According to a real-time estimate by the University of Cambridge, the current annual electricity consumption of Bitcoin is approximately 153 TWh. For comparison, global electricity demand in 2021 was 26,444 TWh, according to the latest estimates from the International Energy Agency (IEA). Thus, Bitcoin accounts for about 0.58% of global electricity consumption.

However, most NFTs are instead backed by the Ethereum blockchain. This represents an annual electricity consumption of about 106 TWh, according to estimates by the technology analysis website Digiconomist. This represents about 0.4% of global electricity consumption. From this amount, it is difficult to know exactly what the NFT ecosystem on Ethereum represents in terms of electricity consumption (since many non-NFT projects also use the blockchain). But its environmental impact is far from negligible.

The mechanism for producing NFTs is actually very energy-intensive. To convert a digital file to NFT, the holder must go through a step called “Minting” in English (“frappe” in French). SDK is the process of copying a digital file to a server and then generating a cryptographic token that contains a link to that file on the blockchain. So between creating and selling an NFT, the bill for the environment can peak.

According to Business Journal Quartz, printing a work of art would generate 2.5kg of carbon dioxide emissions, while creating and selling an NFT would require 100 times higher emissions. It is also difficult, under these circumstances, to attach the concept of environmental responsibility to NFTs. But from there to reduce investor enthusiasm for this support, it is not.

A market worth 40 billion dollars

In 2021, investors spent the same amount on digital art as they did on traditional art. The NFT market is now valued at more than $40 billion, according to crypto-analytics group Chainalysis. And this is only in regards to the amounts paid on the Ethereum blockchain contracts. This does not include other blockchains such as Solana.
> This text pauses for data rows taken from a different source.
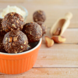 Keep your chocolate nut energy bites in an airtight container in the fridge for up to 1 week. They can also be frozen for up to 3 months—perfect for meal prepping snacks in advance.
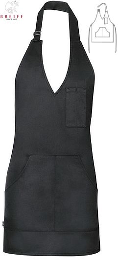 Ca. 215 g/m², 95° waschbar, Breite x Länge ca. 70 x 65 cm, schwarz oder taupe, Greiff Damen Latzschürze mit Stoffband, verstellbares Halsband, 1 Brusttasche, 2 aufgesetzte Taschen, Fleckschutz, bitte wählen Sie die Farbe aus
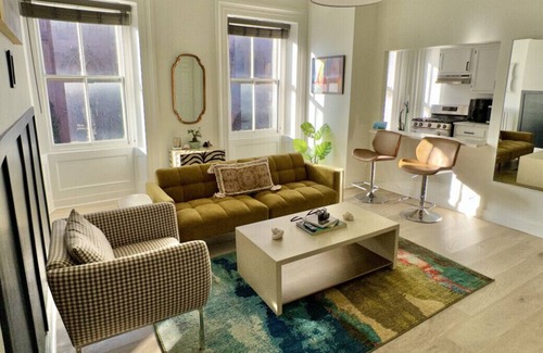 Kick back and relax in this calm, stylish space. This 600 sq ft. apartment is located in historic Mt. Vernon; a 5 min walk from the Peabody Institute and 10 min from the University of Baltimore and MICA. This cozy floorplan features hardwood floors, dimmable lights, smart home accessories, and amazing natural lighting. This space offers great views of the quiet neighborhood. This unit is ideal for traveling nurses, students, city visitors, or content creators looking for a trendy environment.
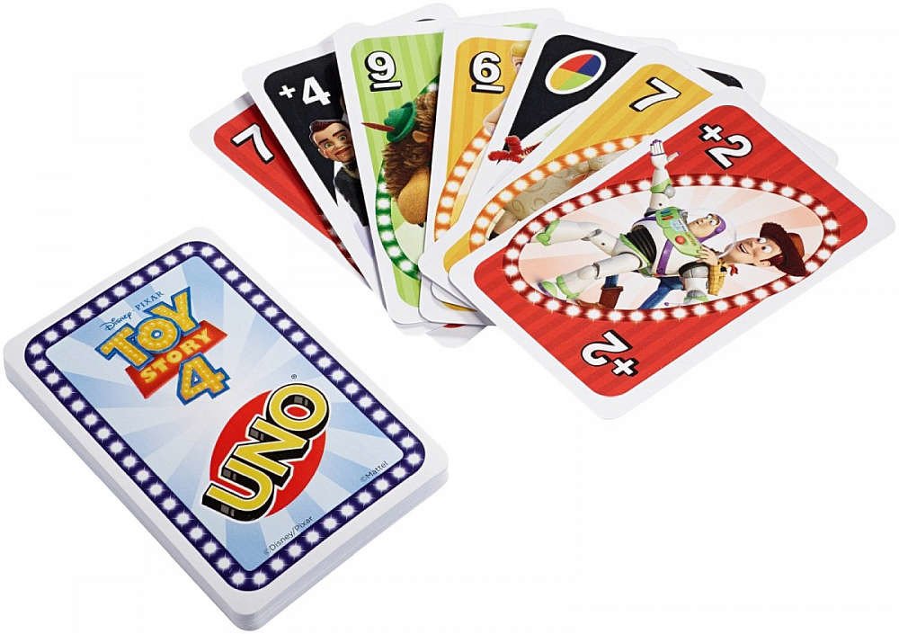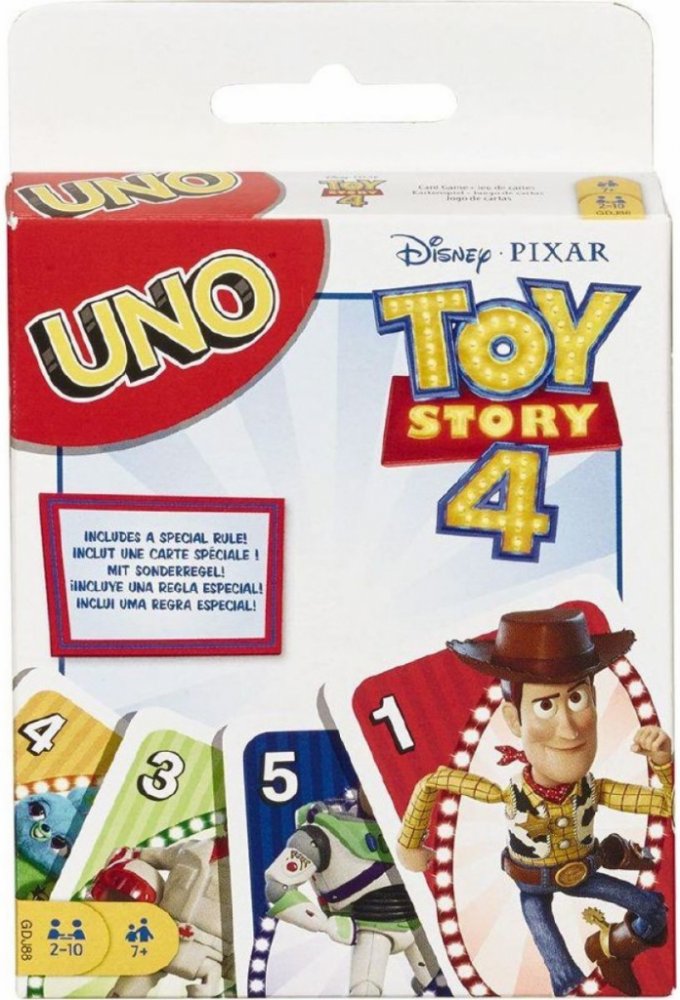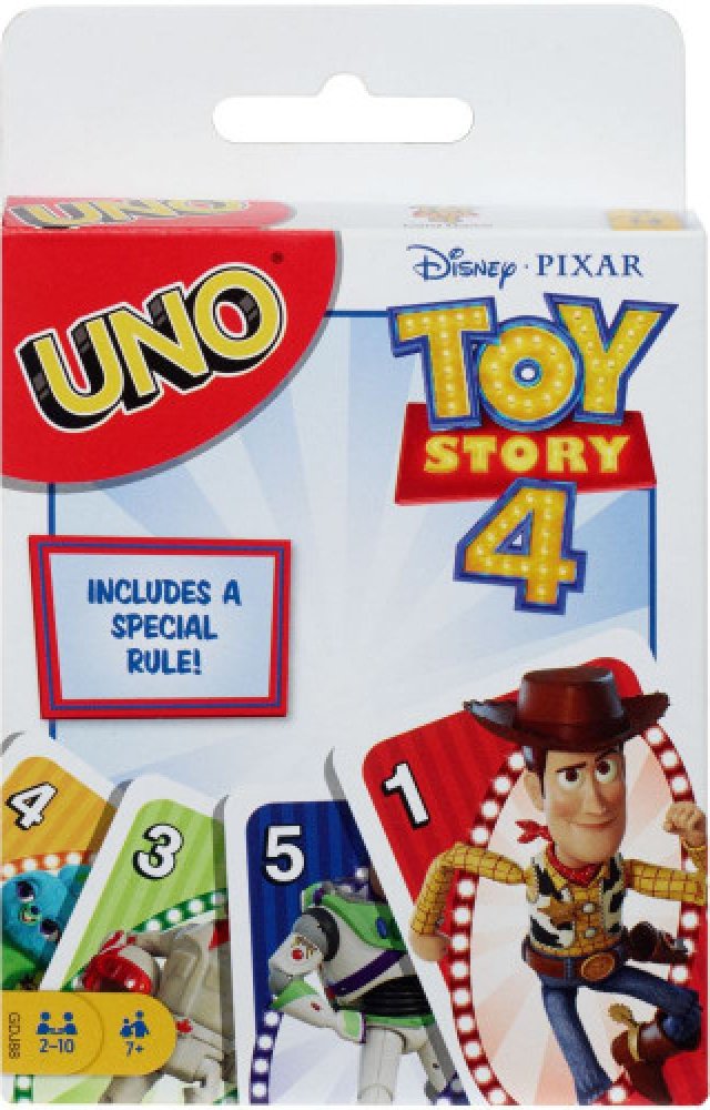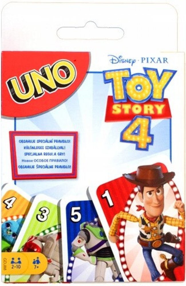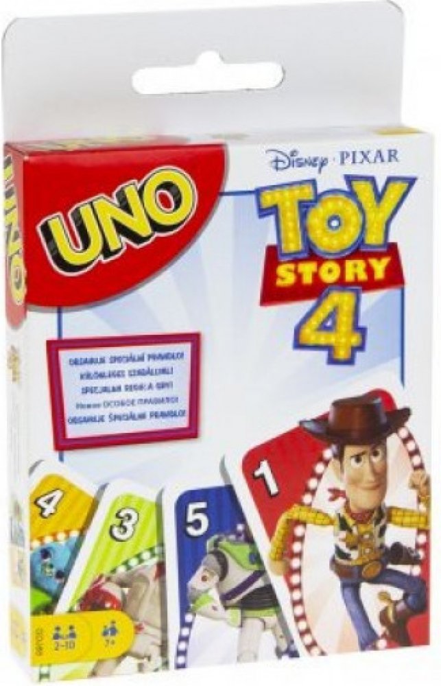 Vaše oblíbená hra UNO™ nyní přichází ve zcela novém designu. Všechny karty nyní zdobí rozkošné tematické obrázky z filmu Toy Story 4: Příběh hraček!

According to Gauthier Zuppinger, COO of (a site that specializes in data on the NFT market), the NFT market should reach $100 billion by the end of the year.

By comparison, last year, the global market for classic art was valued at just over $50 billion, according to Art Basel. This indicates the interest of investors and especially individuals in NFTs.

In the face of this boom, but also taking into account this growing desire of investors to give meaning to their investments, a certain number of players have taken a measure of the environmental problem to try to remedy it.

Less Energy Efficient Solutions

Among the options considered for green NFT support, there is one that consists of dispensing with the ethereum platform. The idea is to put the business on other platforms like Cardano. The platform that uses a different authentication system (technically “Proof of Stake” instead of “Proof of Work”). It is less energy consuming.

An initiative that above all allows us to assess the fact that a new generation of NFTs is emerging today which, because they are designed differently, are less harmful to the environment. Other observers, for their part, believe that it is up to blockchain developers to commit to trying to reduce the environmental footprint of their technology. Furthermore, in 2022, the Ethereum blockchain will experience a major development, as it moves from “Proof of Work” to “Proof of Stake.” As estimated by the Ethereum Foundation, a non-profit organization in favor of developing this crypto asset, this should reduce Ethereum’s electricity consumption by more than 99.9%.

In addition, other projects focus on technologies aimed at reducing the minting of new crypto assets. The so-called idea of ​​”lazy” minting where, for example, money is not minted before it is bought, is beginning to emerge. This, again, would limit the environmental impact of these assets.

Ultimately, the belief that we are investing responsibly by betting on NFTs is irrelevant. To prepare an investment portfolio, it is better to avoid relying on these tokens. But as with other asset classes, the ecosystem is trying to improve.

Measures are being taken for green production processes and could increase in the coming years, given investors’ appetite for green investments.